As much as they can enlighten, microarray analyses also overwhelm—drowning researchers with data on hundreds, sometimes thousands, of genes that potentially contribute to a given disease. Newer approaches that emphasize functional networks instead of individual genes have surfaced, and a paper in the September 22 Neuron shows how these methods, in combination with mouse and human gene expression analyses, convincingly link the Wnt signaling pathway to frontotemporal dementia (FTD) caused by progranulin (GRN) haploinsufficiency. Using systems biology, researchers led by Daniel Geschwind at the University of California, Los Angeles, found that GRN-deficient cells express higher levels of genes that typically activate Wnt signaling and lower amounts of genes that dampen this pathway. The work “provides the impetus for further in-depth exploration of Wnt signaling in FTD, and suggests the potential use of Wnt agonists to assuage the neurodegenerative phenotype of [FTD caused by GRN mutations],” the authors write. Some of this work was presented at the 2010 Society for Neuroscience annual meeting in San Diego (see ARF related conference story).

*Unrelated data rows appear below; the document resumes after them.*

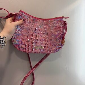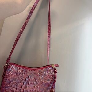 Elegant iridescent hot pink Shayna style Brahmin crossbody bag. It is the signature crocodile embossed design. Super cute and stylish.
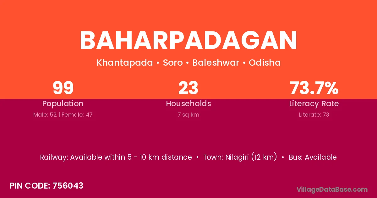 Nilagiri (12 km) is the nearest town to Baharpadagan village for major economic activities and is located approximately 12 km away.
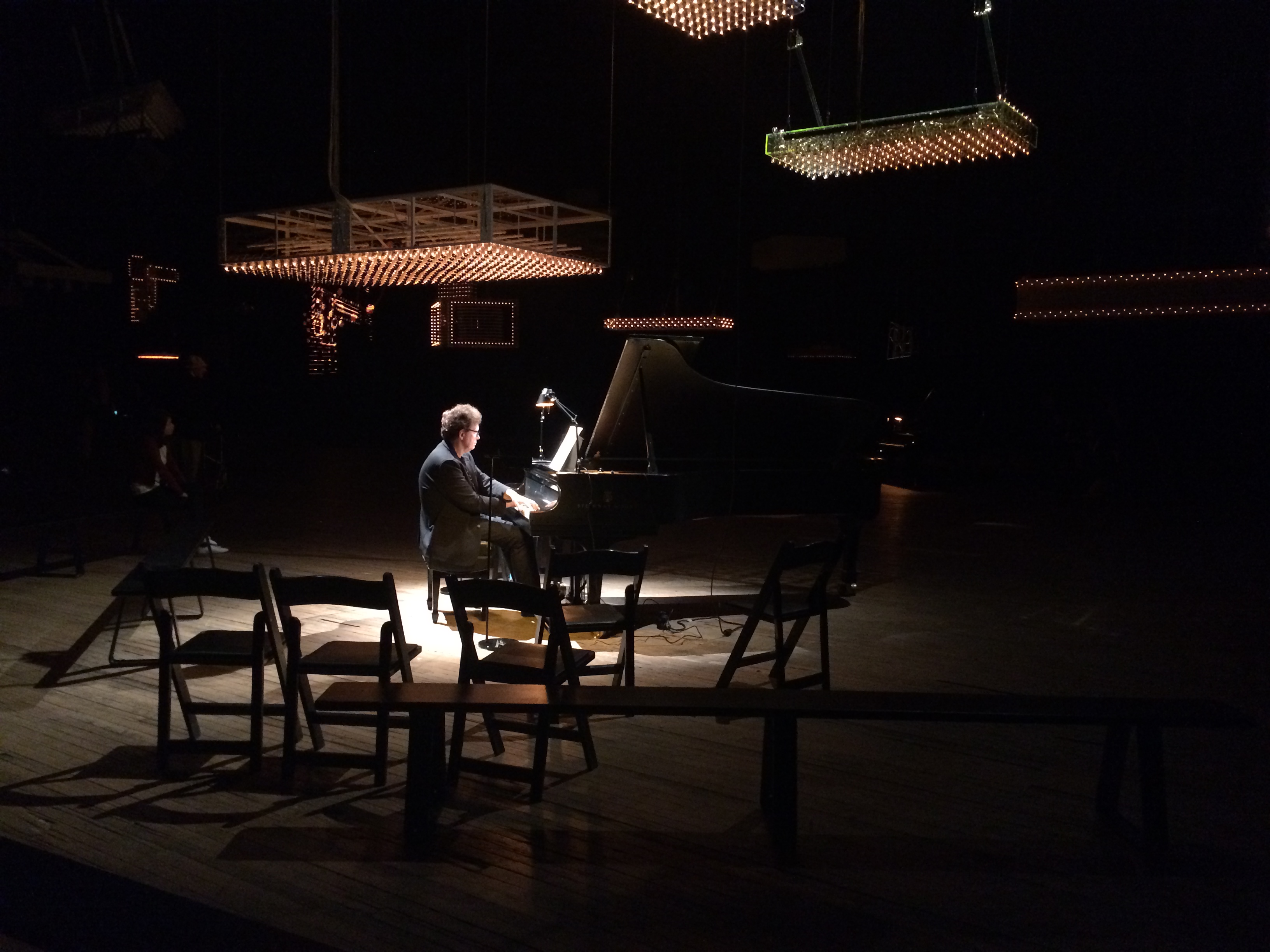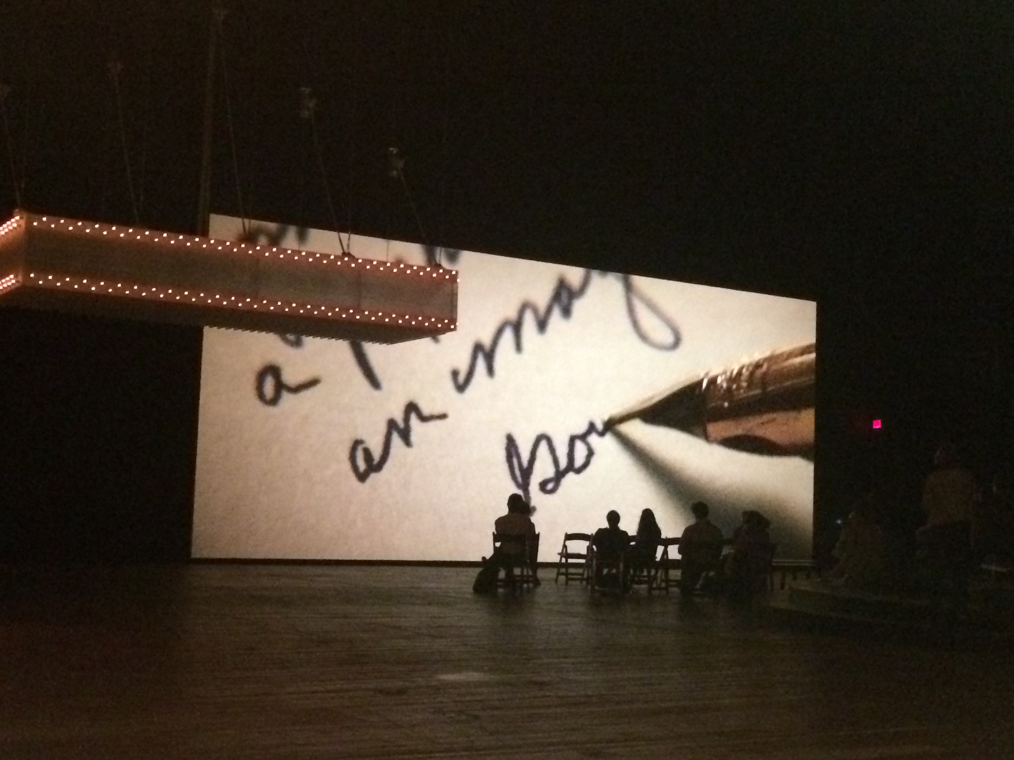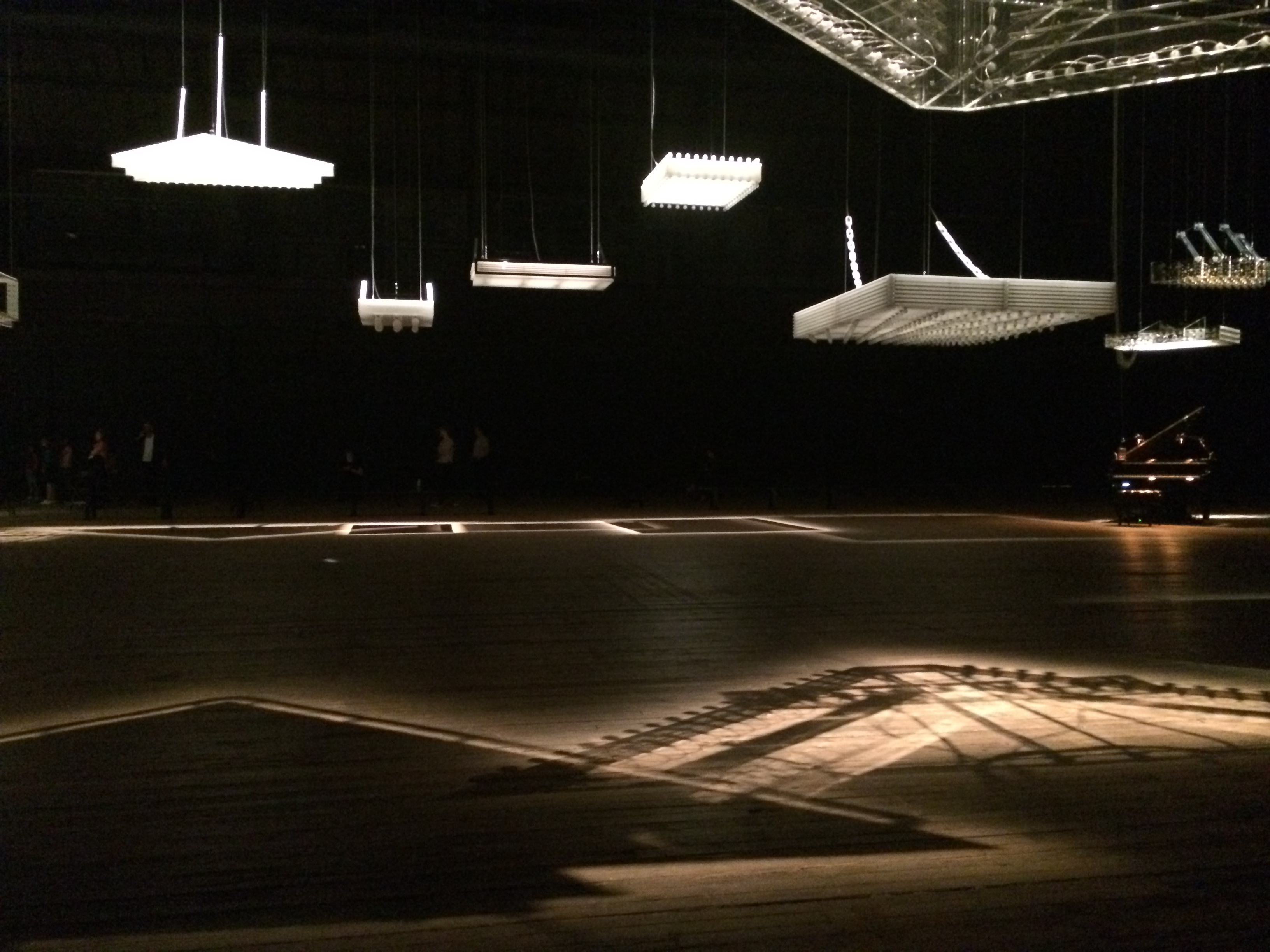 A choreographed durational work, H {N)Y P N(Y} OSIS ebbs and flows and takes several hours to appreciate. It consists of a variety of elements, including video, sound, performance and sculpture. Upon entering the space, visitors find themselves strolling down an avenue that is flanked by 26 marquee sculptures. It’s like a minimalist 42nd street that’s been reduced to light and sound. These sculptures brighten and dim as other elements are activated. A lone piano player, the world renowned Mikhail Rudy, performs works by Ligeti, Feldman, Ravel, and Scriabin, among others, and five films, The Crowd (2015), Marilyn (2012), Invisibleboy (2010), June 8, 1968 (2009), and Anywhere Out in the World (2000), take their turn in the spotlight. Also making an appearance is Ann Lee. A Japanese Manga character that Philippe Parreno and Pierre Huyghe bought the rights to in 2000, Ann Lee is brought to life by performance artist Tino Sehgal. Reprising his work from Frieze New York 2014, Sehgal enlists a group of actors to embody the lost girl. They roam the space and engage with visitors.
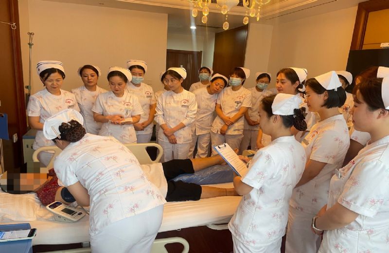 崔琳護士長根據(jù)2023年中華護理學會團體標準《住院患者靜脈血栓栓塞癥預防護理與管理專家共識》和《周圍血管血栓性疾病置管溶栓護理專家共識》對術(shù)前患者是否可以進行踝泵運動和下肢周長測量方法進行討論,并指導對患者術(shù)后下肢輕度水腫用硫酸鎂濕敷:1/4硫酸鎂粉劑+200ml水浸濕毛巾對患肢包裹,用保鮮膜包裹,每天3-5次,每次30min,補充了我們對此護理的不足。薛娜護士長從敘事的角度對護理宣教時機給予指導,并對茍美護士在護理過程中用敘事護理以患者為中心、尊重患者的故事、傾聽和理解等方面對患者的精心護理給予好評和肯定。在查房過程中,護理團隊針對患者的病情和護理也展開了熱烈的討論。大家各抒己見,提出了許多寶貴的建議和改進措施。例如,徐莉護士長提出及時指導臥床患者腹式呼吸,鍛煉患者心肺功能:殷本玲護士長指出對術(shù)后患者指導穿脫彈力襪、使用醫(yī)療彈力繃帶等問題給予指導。 黨文婷總護士長對本次查房進行了總結(jié)和點評,充分肯定了護理團隊的工作,并強調(diào)了護理工作中細節(jié)的重要性。護理過程中要重視患者的心理護理,表揚責任護士茍美的進步,表明把病人的需求作為中心點,有技巧的對患者進行宣教,健康宣教知曉率一定會有所提升,為患者提供更加全面、個性化的護理服務。

UCLA biostatisticians developed a method that simplifies messy microarray data by arranging genes into functional networks based on their expression patterns in specific tissues (Zhang and Horvath, 2005). Geschwind’s lab used this approach, called weighted gene coexpression network analysis (WGCNA), to identify genes and gene networks that may contribute to normal aging and to AD (see ARF related news story on Miller et al., 2008), as well as to determine how the pathways converge across mice and people (Miller at al., 2010).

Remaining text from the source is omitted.